Provision for Income Taxes
For the second quarter of 2022, our effective tax rate was 23.9% compared to 25.1% in the second quarter of 2021. The second quarter of 2022 rate was lower than our combined estimated federal and state statutory rate primarily due to the resolution of certain tax matters during the quarter. The second quarter of 2021 rate was consistent with our combined estimated federal and state statutory rate.
Results of Operations
Year-to-Date 2022 Compared to Year-to-Date 2021
For year-to-date 2022, operating income decreased $199 million to $522 million, from $721 million year-to-date 2021, and the operating income rate (expressed as a percentage of sales) decreased to 17.0% from 22.7%. The drivers of the year-to-date operating income results are discussed in the following sections.
Net Sales
The following table provides Net Sales for year-to-date 2022 in comparison to year-to-date 2021:
2022 | 2021 | % Change | |||||||||||||||
Year-to-Date | (in millions) | ||||||||||||||||
Stores - U.S. and Canada | $ | 2,220 | $ | 2,280 | (3 | %) | |||||||||||
Direct - U.S. and Canada | 684 | 756 | (10 | %) | |||||||||||||
International (a) | 163 | 137 | 19 | % | |||||||||||||
Total Net Sales | $ | 3,067 | $ | 3,173 | (3 | %) |
_______________
(a)Results include royalties associated with franchised stores and wholesale sales.

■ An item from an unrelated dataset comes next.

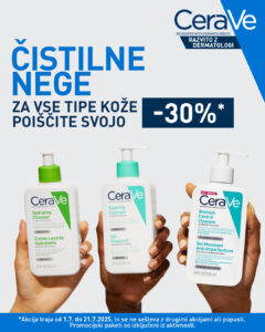 Cenjene stranke obveščamo, da med 1.7. in 21.7.2025 lahko pri nas kupijo izdelke za nego obraza CeraVe Cleaners po 30% nižji ceni.

The following table provides a reconciliation of Net Sales for year-to-date 2022 to year-to-date 2021:
(in millions) | |||||
2021 Net Sales | $ | 3,173 | |||
Comparable Store Sales | (149) | ||||
Sales Associated with New, Closed and Non-comparable Remodeled Stores, Net | 91 | ||||
Direct Channels | (72) | ||||
International Wholesale, Royalty and Other | 26 | ||||
Foreign Currency Translation | (2) | ||||
2022 Net Sales | $ | 3,067 |
For year-to-date 2022, net sales decreased $106 million to $3.067 billion compared to year-to-date 2021. Net sales decreased in the stores channel by $60 million, or 3%, primarily due to both a decrease in transactions and lower average dollar sale, partially offset by higher 2022 net sales in Canada due to the COVID-19-related store closures in 2021. Direct net sales decreased $72 million, or 10%, due to last year's strong results as well as our customers continuing to select our buy online-pick up in store option, partially offset by increased net sales in the Canada Direct business which launched in the third quarter of 2021. International net sales increased by $26 million, or 19%, primarily due to the new stores opened by our partners as well as timing of wholesale shipments.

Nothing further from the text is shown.